Cold limit: USDA 11–12 (indoor in most climates) · RHS H1b (16–32 °C)

What snake-petal wax plant's hardiness rating actually means

Snake-Petal Wax Plant is not cold hardy. It is a tropical houseplant that dies if it is left out through frost — there is no zone where it overwinters outdoors in a UK or cold-US climate. Its RHS rating of H1b means: Sub-tropical — a normal warm home is fine, but it cannot go outside in a cool season. On the US scale that maps to USDA 11–12 (indoor in most climates) — the zones where it can be left outdoors year-round.

New to these scales? The USDA hardiness zone map explained covers how the zone numbers work, and you can find your own zone with the zone finder.

Minimum temperature — and what happens below it

Minimum survivable temperature is roughly about 10 °C (sustained cold below this is damaging). Snake-Petal Wax Plant has no frost tolerance at all — it is an indoor plant in any climate with a real winter.

Concretely, for snake-petal wax plant as it gets too cold:

Can snake-petal wax plant go outside or overwinter — and where?

Work back from your local frost dates with the frost-date calculator: the last spring frost and first autumn frost are what really decide when snake-petal wax plant can be outside.

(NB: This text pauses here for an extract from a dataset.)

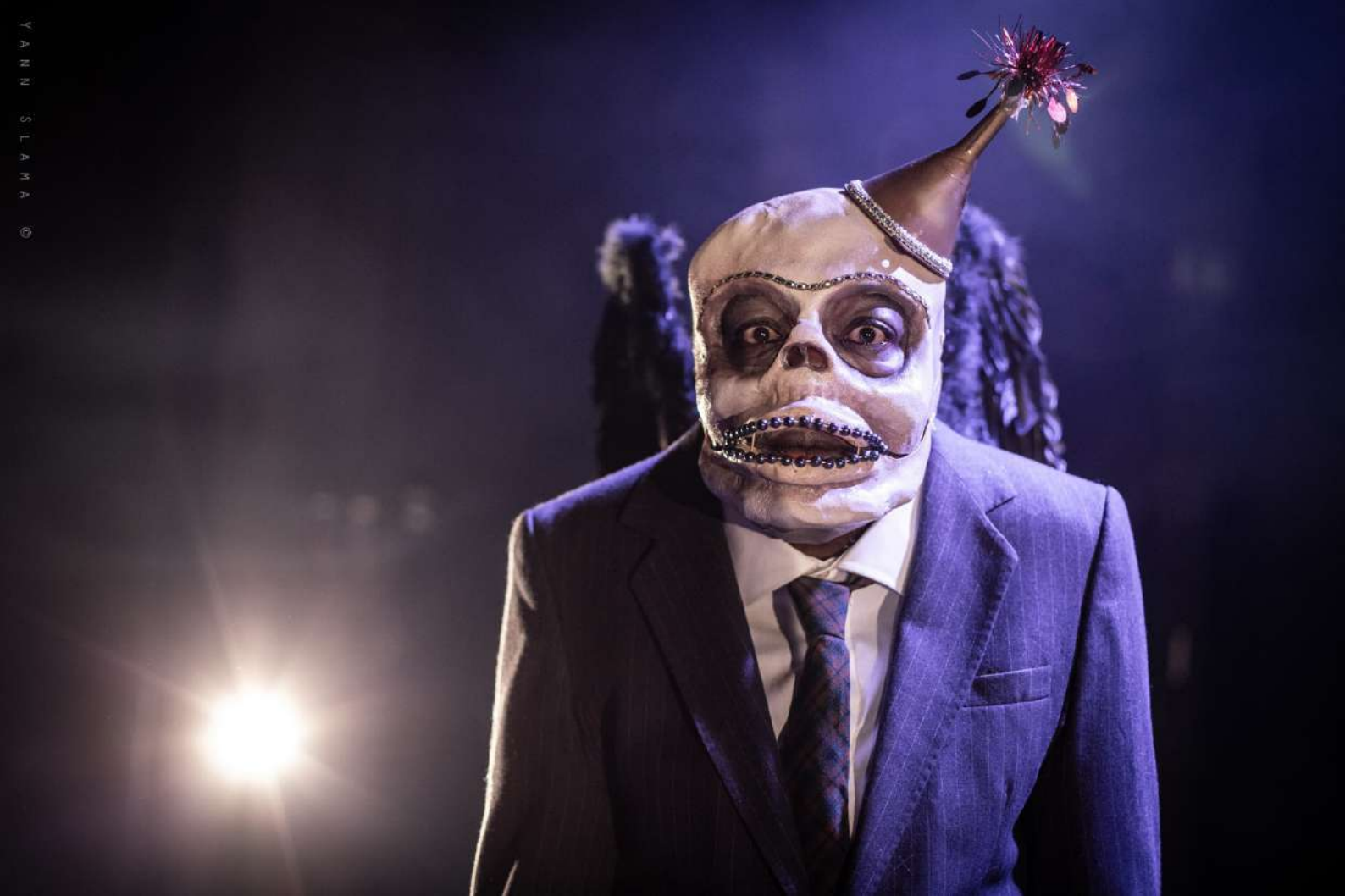
TOUT LE MONDE VEUT VIVRE / 2021 / THEATRE ALCHIMIC

US growers can check USDA zones; UK growers should use the RHS hardiness ratings, which match the H1b figure above.

Snake-Petal Wax Plant hardiness — frequently asked questions

Is snake-petal wax plant cold hardy?

Snake-Petal Wax Plant is not cold hardy. It is a tropical houseplant that dies if it is left out through frost — there is no zone where it overwinters outdoors in a UK or cold-US climate. Indoor-only in almost every home. Snake-Petal Wax Plant can only live outside year-round in genuinely frost-free climates (roughly USDA 11–12 (indoor in most climates)); everywhere else it is a houseplant that summers out at most.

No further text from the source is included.